What is needed
Make an exact copy of the entries, and keep any pictures out of it.

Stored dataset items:
»»

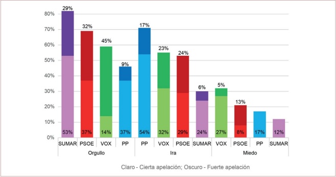 Al analizar las diferencias entre partidos, tal y como quedan recogidas en la Figura 2, se observa que tanto PP como VOX emplearon un mayor porcentaje de apelaciones a la ira (54% con cierta apelación y 17% con fuerte el PP, y 32% con cierta apelación y 23% con fuerte VOX) que el PSOE (29% con cierta apelación y 24% con fuerte) y Sumar (24% con cierta apelación y 6% con fuerte). Sin embargo, en lo referente al orgullo, PSOE (37% con cierta apelación y 32% con fuerte) y Sumar (53% con cierta apelación y 29% con fuerte) realizan con mayor frecuencia apelaciones que PP (37% con cierta apelación y 9% con fuerte) y VOX (14% con cierta apelación y 45% con fuerte), si bien este último partido es el que más ha realizado, en proporción, apelaciones fuertes al orgullo. Con respecto al miedo, VOX fue el partido con mayor proporción de apelaciones (27% con cierta apelación y 5% con fuerte), si bien el PSOE realizó más apelaciones intensas (8٪ con cierta apelación y 13٪ con fuerte), mientras que PP y Sumar no realizaron fuertes apelaciones al miedo (17% de cierta apelación el PP y 12% Sumar).
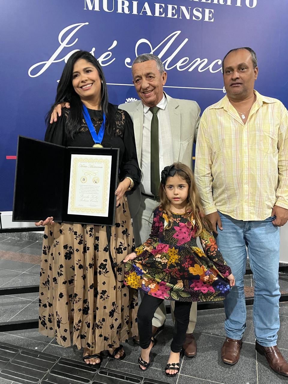 Priscila Kelly recebeu a Comenda José Alencar das mãos do seu pai o Vereador Devail Gomes Corrêa e do prefeito Dr. Marcos Guarino
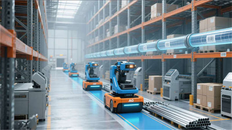 質(zhì)檢實(shí)驗(yàn)室以白色潔凈空間為主軸,三坐標(biāo)測(cè)量機(jī)與光譜分析儀配備環(huán)形補(bǔ)光系統(tǒng),數(shù)據(jù)看板實(shí)時(shí)投射SPC管控圖表,凸顯精密制造的嚴(yán)謹(jǐn)性。倉(cāng)儲(chǔ)區(qū)通過12米高智能立庫(kù)與AGV物流機(jī)器人聯(lián)動(dòng),橙色激光導(dǎo)航帶與電子標(biāo)簽系統(tǒng)實(shí)現(xiàn)“黑燈倉(cāng)儲(chǔ)”效能。
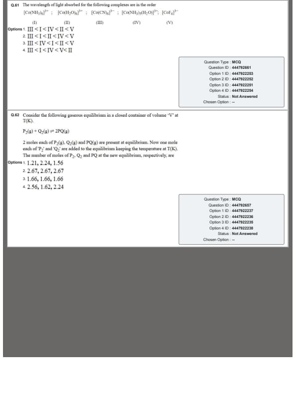 Initially, 2 moles each of P\(_2\)(g), Q\(_2\)(g) and PQ(g) are present at equilibrium. One mole each of P\(_2\) and Q\(_2\) are added. The number of moles of P\(_2\), Q\(_2\) and PQ at the new equilibrium respectively are
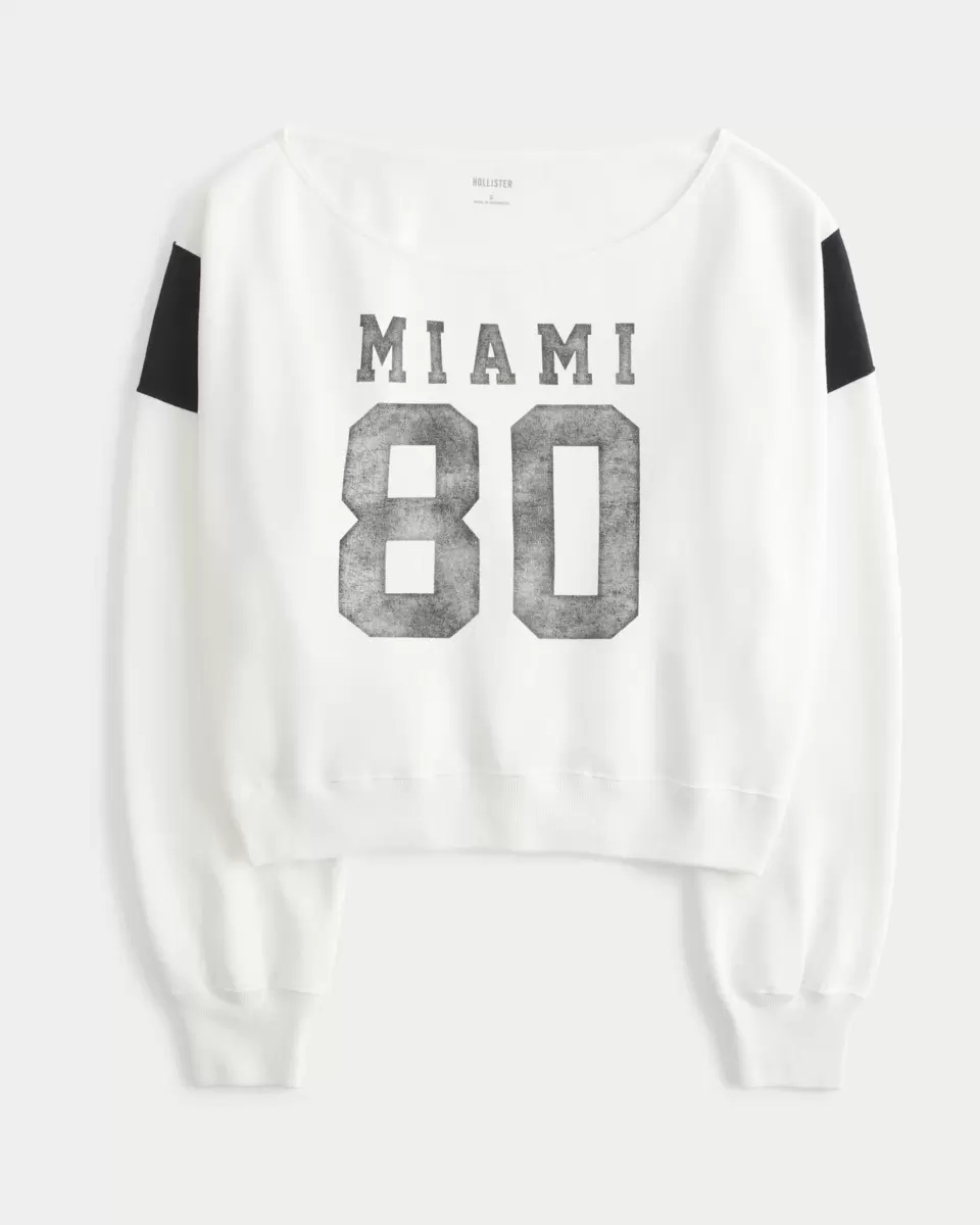 En supermjuk fleecetröja med sportig Miami-grafik och en off-the-hour halsringning. Långa ärmar. Easy Fit. Importerad.
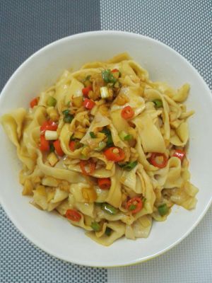 煮好的面过冷开水,油跟酱油加油,切好各种配料
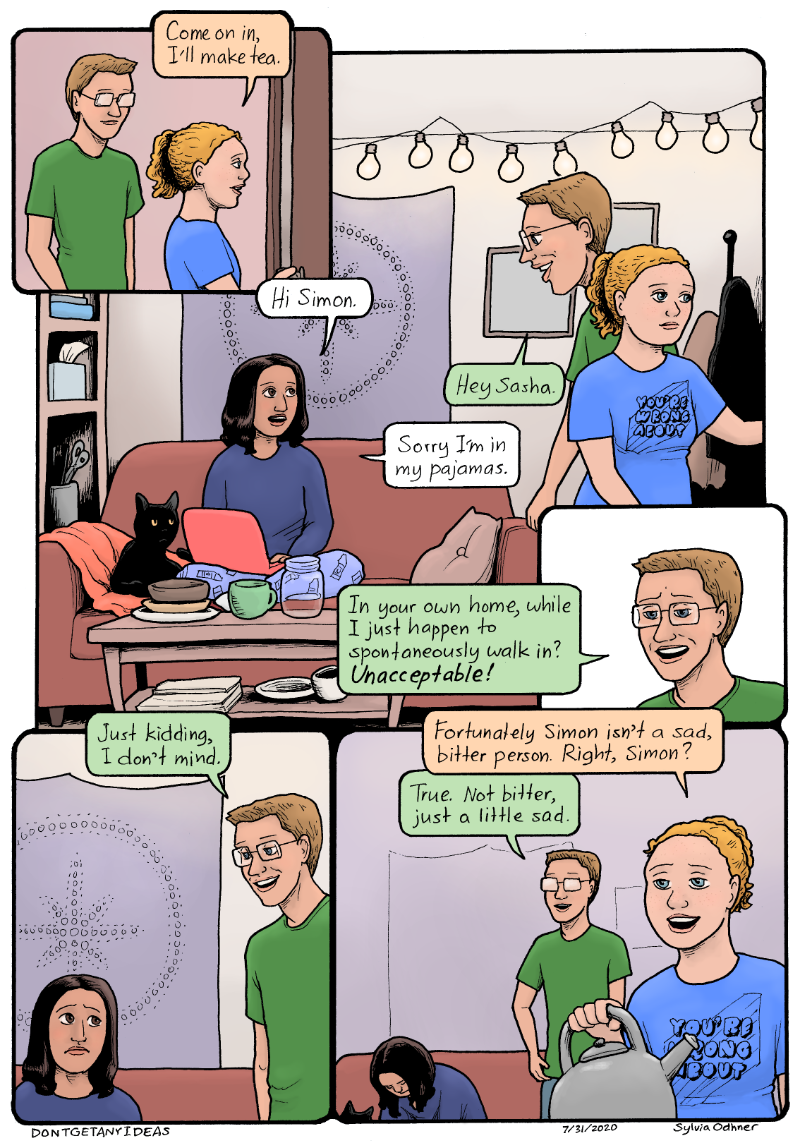 (Lily invites Simon into her apartment, Sasha is on the couch in her pajamas)Lily: Come on in, I'll make tea.
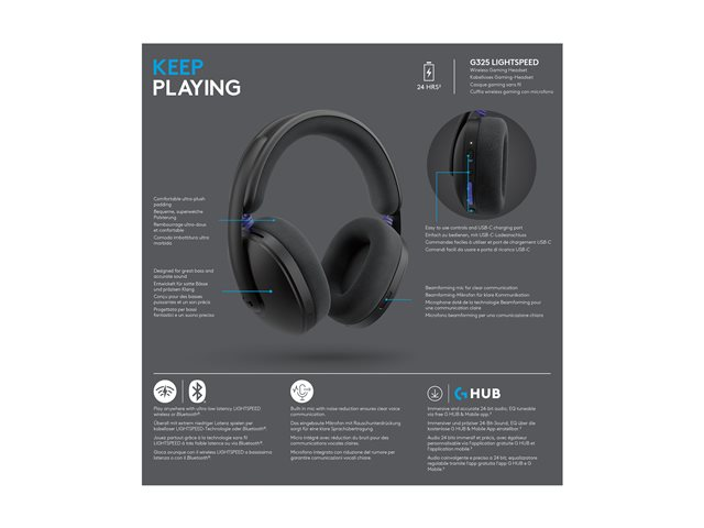 Logitech G G325 - Headset - fullstorlek - montering över örat - Bluetooth / LIGHTSPEED - trådlös - USB-C via Bluetooth-adapter - svart
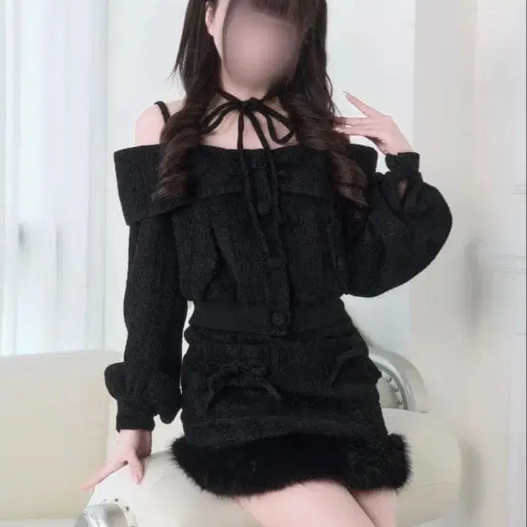 BunnyLis NoGenki 트위드 오프숄더 자켓 세트
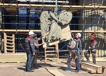 Реставраторы приступили к восстановлению крылатых гениев с Московских триумфальных ворот. Об этом сообщает пресс-служба КГИОП.
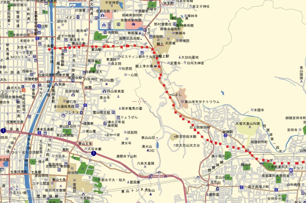 大津-京都 地図→①大津-山科 ②山科-三条大橋 |
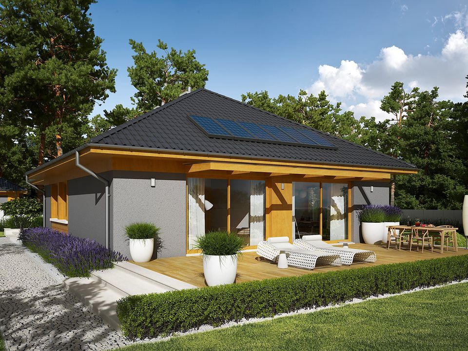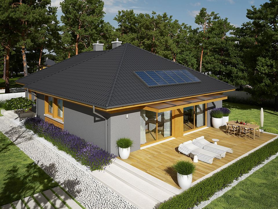Fundamenty: ławy, bloczki betonowe 24 cm, ocieplenie styropian 15 cm. Ściany zewnętrzne: murowane, dwuwarstwowe, beton komórkowy firmy Solbet 24 cm, ocieplenie styropian Termo Organika 20 cm. Ściany wewnętrzne: nośne i działowe murowane, beton komórkowy firmy Solbet 24 cm i 12 cm. Podłoga na gruncie: płyta betonowa, ocieplenie styropian 15 cm. Strop: strop gęstożebrowy Teriva, ocieplenie wełna mineralna firmy Isover 30 cm. Dach: konstrukcja drewniana, dachówka ceramiczna lub cementowa Rozwiązania instalacje. Ogrzewanie: kocioł gazowy kondensacyjny firmy Viessmann, rozprowadzenie ciepła: grzejniki firmy Purmo. Wentylacja: grawitacyjna. OZE: kolektory słoneczne firmy Viessmann. Dodatkowo: stacja uzdatniania wody firmy Viessmann. Elewacje: tynk cienkowarstwowy mineralny z palety firmy Termo Organika i okładzina z płyty HPL z naturalną okleiną drewnianą firmy Prodema. Stolarka: drewniana, PCV lub aluminiowa, rolety zewnętrzne w systemie CleverBox firmy BeClever, drzwi wewnętrzne i wejściowe oraz brama garażowa firmy Hörmann.

««

Solution
 Al analizar las diferencias entre partidos, tal y como quedan recogidas en la Figura 2, se observa que tanto PP como VOX emplearon un mayor porcentaje de apelaciones a la ira (54% con cierta apelación y 17% con fuerte el PP, y 32% con cierta apelación y 23% con fuerte VOX) que el PSOE (29% con cierta apelación y 24% con fuerte) y Sumar (24% con cierta apelación y 6% con fuerte). Sin embargo, en lo referente al orgullo, PSOE (37% con cierta apelación y 32% con fuerte) y Sumar (53% con cierta apelación y 29% con fuerte) realizan con mayor frecuencia apelaciones que PP (37% con cierta apelación y 9% con fuerte) y VOX (14% con cierta apelación y 45% con fuerte), si bien este último partido es el que más ha realizado, en proporción, apelaciones fuertes al orgullo. Con respecto al miedo, VOX fue el partido con mayor proporción de apelaciones (27% con cierta apelación y 5% con fuerte), si bien el PSOE realizó más apelaciones intensas (8٪ con cierta apelación y 13٪ con fuerte), mientras que PP y Sumar no realizaron fuertes apelaciones al miedo (17% de cierta apelación el PP y 12% Sumar).
 Priscila Kelly recebeu a Comenda José Alencar das mãos do seu pai o Vereador Devail Gomes Corrêa e do prefeito Dr. Marcos Guarino
 質(zhì)檢實(shí)驗(yàn)室以白色潔凈空間為主軸,三坐標(biāo)測(cè)量機(jī)與光譜分析儀配備環(huán)形補(bǔ)光系統(tǒng),數(shù)據(jù)看板實(shí)時(shí)投射SPC管控圖表,凸顯精密制造的嚴(yán)謹(jǐn)性。倉(cāng)儲(chǔ)區(qū)通過12米高智能立庫(kù)與AGV物流機(jī)器人聯(lián)動(dòng),橙色激光導(dǎo)航帶與電子標(biāo)簽系統(tǒng)實(shí)現(xiàn)“黑燈倉(cāng)儲(chǔ)”效能。
 Initially, 2 moles each of P\(_2\)(g), Q\(_2\)(g) and PQ(g) are present at equilibrium. One mole each of P\(_2\) and Q\(_2\) are added. The number of moles of P\(_2\), Q\(_2\) and PQ at the new equilibrium respectively are
 En supermjuk fleecetröja med sportig Miami-grafik och en off-the-hour halsringning. Långa ärmar. Easy Fit. Importerad.
 煮好的面过冷开水,油跟酱油加油,切好各种配料
 (Lily invites Simon into her apartment, Sasha is on the couch in her pajamas)Lily: Come on in, I'll make tea.
 Logitech G G325 - Headset - fullstorlek - montering över örat - Bluetooth / LIGHTSPEED - trådlös - USB-C via Bluetooth-adapter - svart
 BunnyLis NoGenki 트위드 오프숄더 자켓 세트
 Реставраторы приступили к восстановлению крылатых гениев с Московских триумфальных ворот. Об этом сообщает пресс-служба КГИОП.
 大津-京都 地図→①大津-山科 ②山科-三条大橋 |
Fundamenty: ławy, bloczki betonowe 24 cm, ocieplenie styropian 15 cm. Ściany zewnętrzne: murowane, dwuwarstwowe, beton komórkowy firmy Solbet 24 cm, ocieplenie styropian Termo Organika 20 cm. Ściany wewnętrzne: nośne i działowe murowane, beton komórkowy firmy Solbet 24 cm i 12 cm. Podłoga na gruncie: płyta betonowa, ocieplenie styropian 15 cm. Strop: strop gęstożebrowy Teriva, ocieplenie wełna mineralna firmy Isover 30 cm. Dach: konstrukcja drewniana, dachówka ceramiczna lub cementowa Rozwiązania instalacje. Ogrzewanie: kocioł gazowy kondensacyjny firmy Viessmann, rozprowadzenie ciepła: grzejniki firmy Purmo. Wentylacja: grawitacyjna. OZE: kolektory słoneczne firmy Viessmann. Dodatkowo: stacja uzdatniania wody firmy Viessmann. Elewacje: tynk cienkowarstwowy mineralny z palety firmy Termo Organika i okładzina z płyty HPL z naturalną okleiną drewnianą firmy Prodema. Stolarka: drewniana, PCV lub aluminiowa, rolety zewnętrzne w systemie CleverBox firmy BeClever, drzwi wewnętrzne i wejściowe oraz brama garażowa firmy Hörmann.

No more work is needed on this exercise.